Could you please provide a description for the PR? At first glance, it’s not clear why this change is necessary. Additionally, please include tests that were failing before this change and are passing afterward. Thanks!

ismailsenoz commented 2 months ago

This is needed because many of the projections that are failing are due to presence of factorial, gamma, beta etc. type of functions in the log-partition and base measure. Because these functions are numerically challenging tests in ExponentialFamilyProjections either fail or display strange behavior such as extra factor of 2 when projecting into Chisq. I noticed a strange behavior when writing tests for projecting into Poisson. When the lambda parameter of Poisson is large, due to presence of factorial in the basemeasure, projection is wrong. When the projection is done with unnormalized density these problems are solved. Therefore, the test suit in ExponentialFamilyProjection needs to be implemented with _plogpdf removing all the basemeasure and log-partition factors. In the current implementation of _plogpdf only logpartition is excluded. By excluding basemeasure we can correctly project into Chisq and Poisson. This why it is needed to include the 4th argument.

Nimrais commented 2 months ago

@ismailsenoz @bvdmitri I will add a small test for this functionality

ismailsenoz commented 2 months ago

AFAIK none of the tests in ExponentialFamily were failing and there is no explicit tests for _plogpdf functions beforehand anyways. This function was implicitly tested with all logpdf and pdf calls.

Nimrais commented 2 months ago

Yeah, you are right, but if it is supposed to be used somewhere, this interface from a hidden optimisation for big containers becomes functionality.

_plogpdf was initially added just to faster compute logpdf for big containers.

bvdmitri commented 2 months ago

I see, that clarifies it for me. Your description makes sense, and to avoid any confusion in the future, it would be beneficial to open a PR with a comprehensive explanation of the change. It would also be helpful to mention that the existing tests should cover this modification.

However, I’m still unclear about how this change would assist with projection, as we don’t seem to call logpdf or _plogpdf anywhere during the projection iterations. Could you elaborate on the exact suggestion for ExponentialFamilyProjection?

Perhaps you refer to the logpdf which is used in the tests inside the f function, but it’s important to note that in general the function f, which is passed to the project_to method, is arbitrary, and we cannot manipulate or adjust what it does internally.
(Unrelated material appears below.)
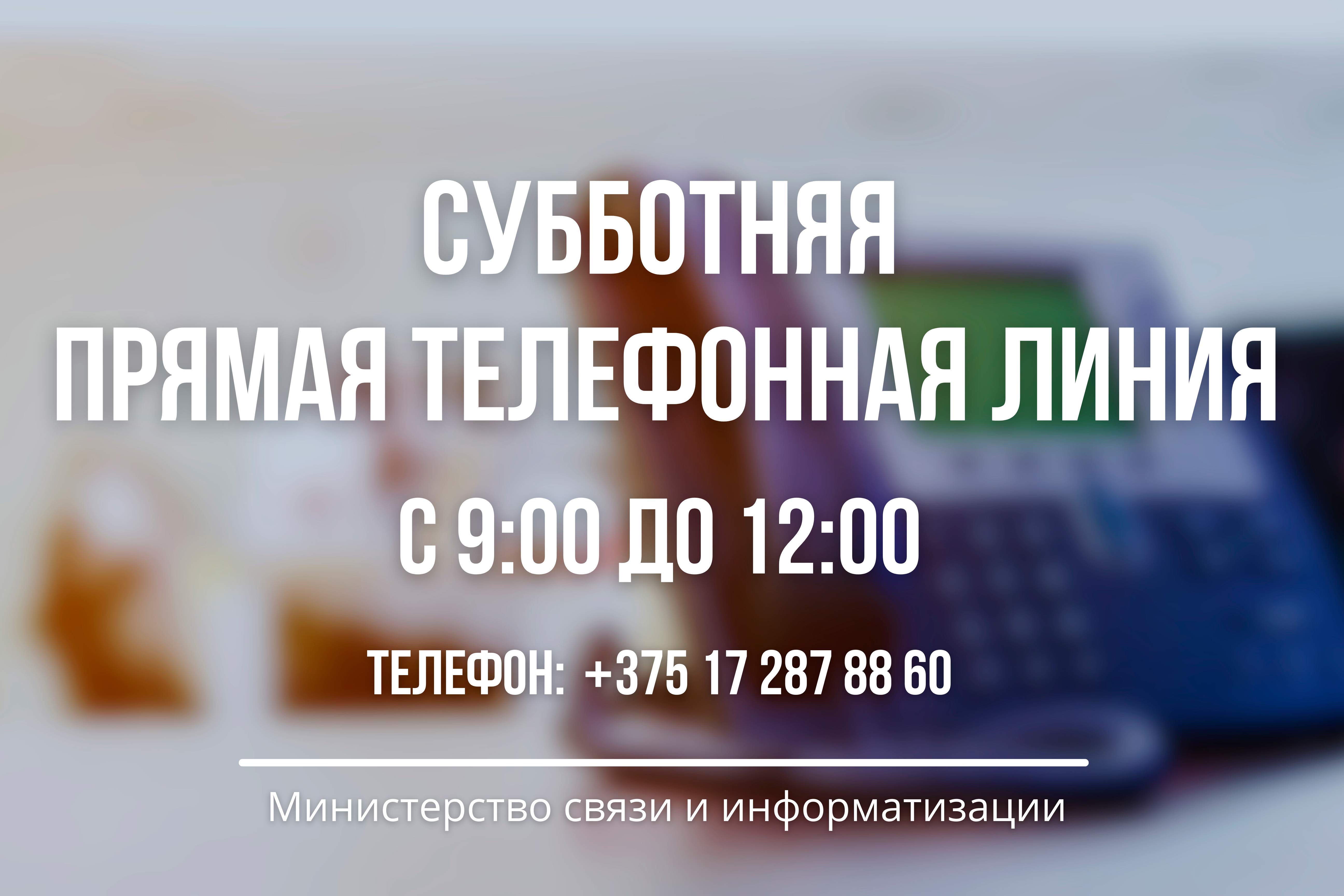 Каждую субботу в Минсвязи организована «прямая телефонная  линия» с 9.00 до 12.00 по телефону  +375 (17) 287 88 60.
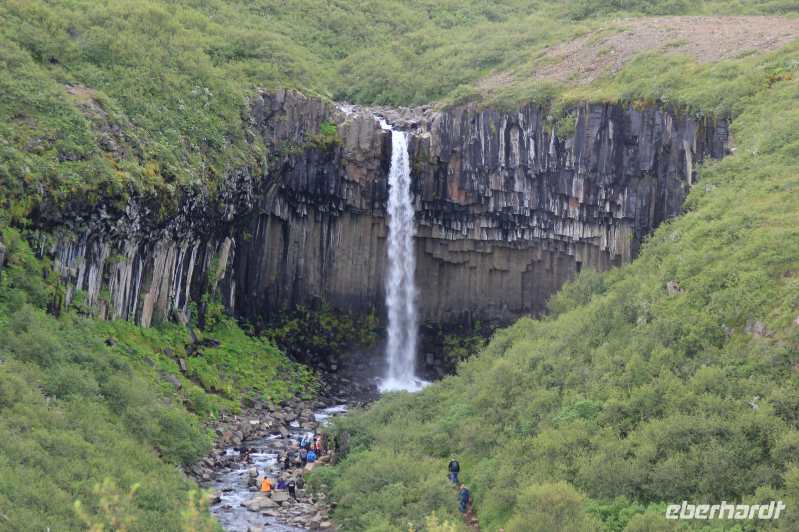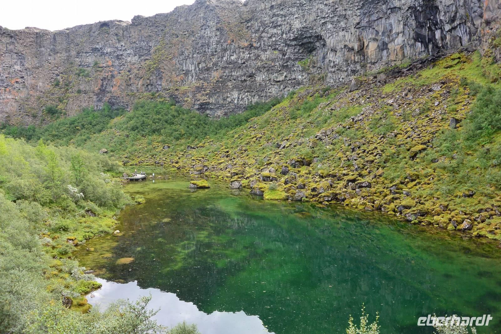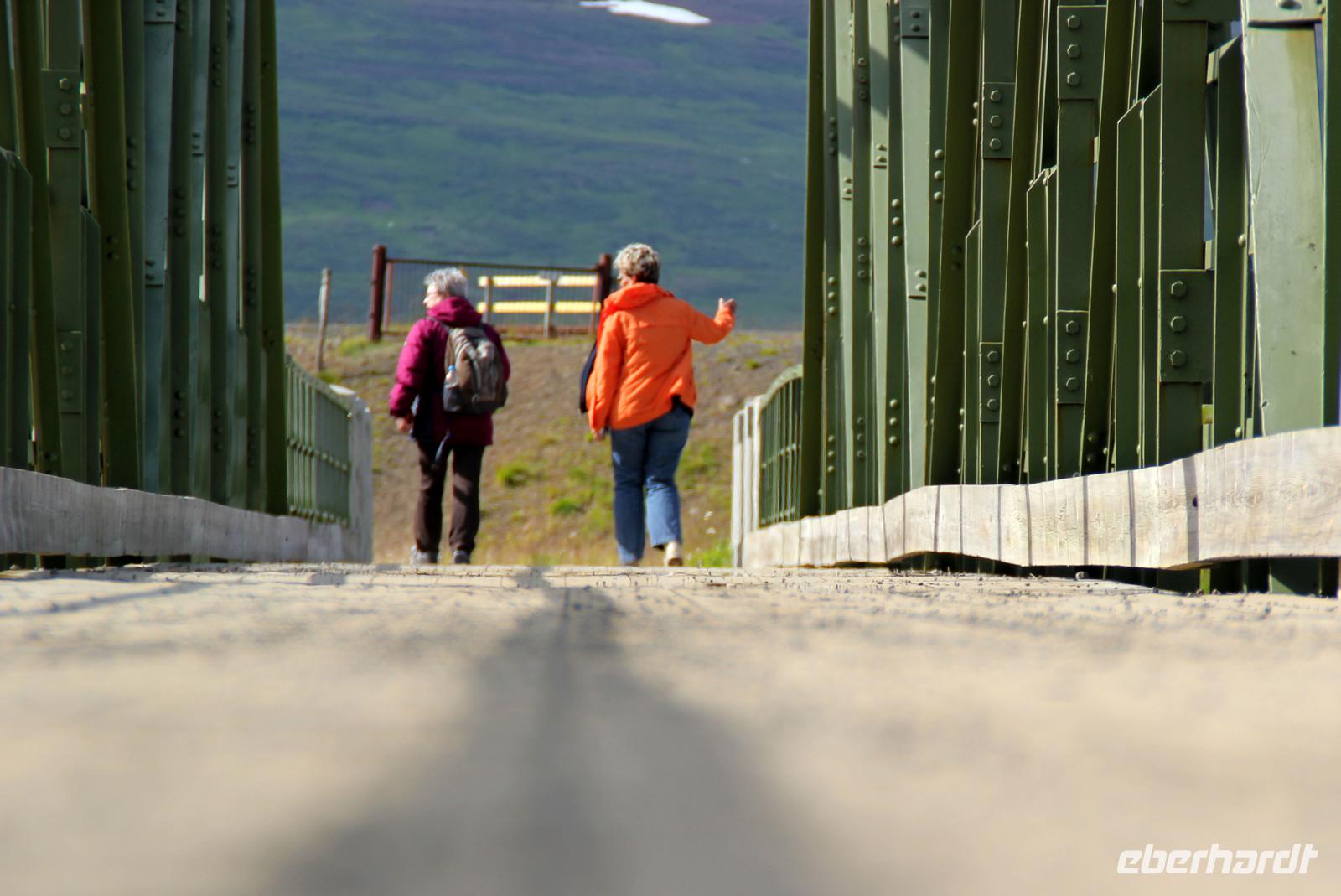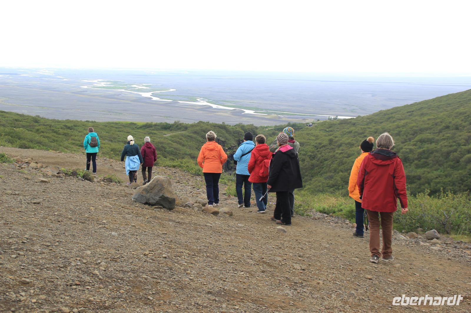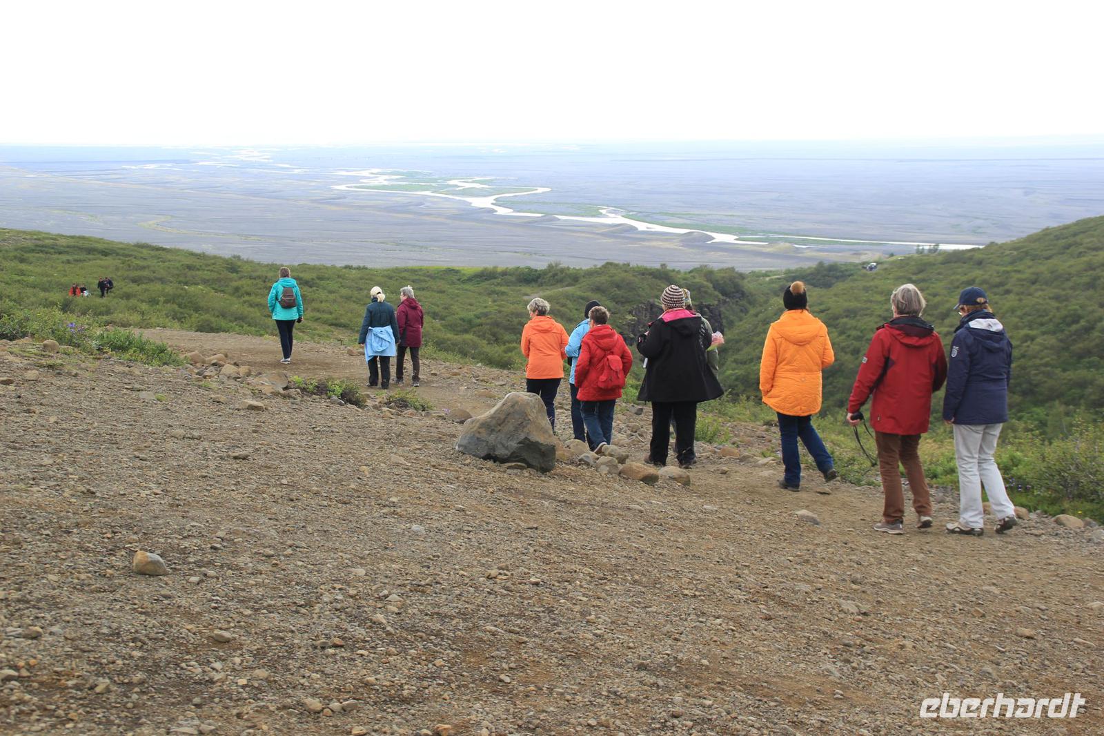 Den heutigen Tag starten wir mit einem Frühstück und Sonnenschein. Wir fahren kurz durch Akureyri und erhalten später einen tollen Blick von der anderen Seite des Fjordes auf die Stadt im Norden von Island. Unser erstes Ziel der heutigen Panoramafahrt ist Husavik, ein kleines hübsches Fischerstädtchen auf der Halbinsel Tjörnes. Wir haben Zeit für einen kleinen Bummel und kleinere Shoppingmöglichkeiten. Der nächste Halt ist ein wenig enttäuschend für die Vogelfreunde unter uns, denn der berühmte Papageitaucher lässt sich leider nicht in unserer Nähe sehen. Während wir weiter nach Asbyrgi fahren, erfahren wir von Rosa, wie Eisbären nach Island gelangen können. Dort angekommen nutzen wir das schöne Wetter und halten unsere Mittagspause auf der Terrasse des Besucherzentrums, von wo aus man einen tollen Blick auf die Ausläufer der Felsenschlucht hat. Diese hat die Form eines Hufeisens und man sagt, Odins Pferd Sleipnir soll hier kräftig aufgetreten haben. Das wollen wir uns genauer ansehen und fahren direkt hinein. Imposante Felswände um uns herum lassen uns klein wirken. Auf unserer Rückfahrt nach Akureyri machen wir Halt an Islands bekanntestem Wasserfall, dem Godafoss. Da die Wassermassen nicht nur den Wasserfall hinunter stürzen sondern auch vom Himmel, haben wir nicht genügend Zeit, den Götterwasserfall in Ruhe zu genießen. Leider ist auch einer unserer Reisegäste bis zur Unterwäsche durchnässt worden...

Nimrais commented 2 months ago

It's assisting from the perspective of the target function.

If you try to project x -> logpdf(Poisson, x) where the Poisson distribution has a very large natural parameter, the projection fails to recover the correct value. The base measure has factorial in its computations, and small and large natural parameters become indistinguishable.

However, if you project x -> log(x) * η, it works fine and correctly recovers the η parameter.

The proposal is to use unnormalized densities as the target function inside projection procedures for tests to make them more stable, at least for the distributions where to compute logpdf is numerically problematic such as Chisq, Poisson, Gamma.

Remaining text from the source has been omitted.